The $9.7Billion West Coast Demerara Road Improvement Project was yesterday commissioned at the De Willem Tarmac West Coast Demerara. The project was funded by the Caribbean Development Bank (CDB) and the Government of Guyana.

Delivering the feature address was the Minister of Public Infrastructure, David Patterson who noted that the project is evidence of the government’s pledge to the development of Guyana’s public infrastructure.

“Today’s commissioning reiterates government’s commitment to continue infrastructural development across Guyana at a standard that aims to drive focus beyond routine rehabilitation of roadworks. This project is, therefore, monumental and it encapsulates the inclusion of several features that are geared towards advancing safety and the efficiency of the roadway.”

The features along the 30.7 km rehabilitated West Coast road include upgraded bridges and culverts, new ‘shared-use’ lanes for cyclists and pedestrians at key junctions, the installation of high visibility traffic signs and road markers, the installation of pedestrian footpath bridges, the construction of concrete drains at critical locations and the construction of parking lanes along identified sections of the road.

Minister of State, Joseph Harmon acknowledged that construction plays a key role in the socio-economic development of any country and it is only through construction that vital infrastructure like roads, bridges and airports are put in place.

“Great importance must be given to construction and infrastructure… the government recognises public infrastructure as a key element in our development in linking communities,” Minister Harmon said.

The project forms part of the Government’s ongoing programme to modernise its road infrastructure and the institutional framework supporting its management. This is expected to result in a number of direct and indirect positive social impacts in the West Coast and the country as a whole.

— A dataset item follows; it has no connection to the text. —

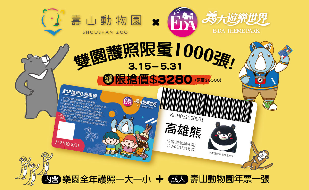 觀光局表示,壽山動物園有深受小朋友喜愛的明星動物陣容,連假期間特別開放全國12歲以下兒童免費入場,5月31日前,在義大遊樂世界網路商城,購買破盤價5折的限量「壽山動物園加義大遊樂世界」雙園全年暢遊護照,還可享親子1年無限次暢遊雙園。

These include the reduction in risk of serious injury or death particularly to students walking and riding to and from school; adoption of better road safety uses; and the enhancement of the project area for business and housing.

The road improvement project was officially launched on March 20, 2014, at the Pegasus Hotel, and was scheduled to be executed over a period of five years. It now benefits approximately 100,000 persons from the Vreed-en-Hoop to Hydronie, inclusive of students from over 30 schools.

Works were done via a joint venture between BK International and Surrey Aggregates from Jamaica.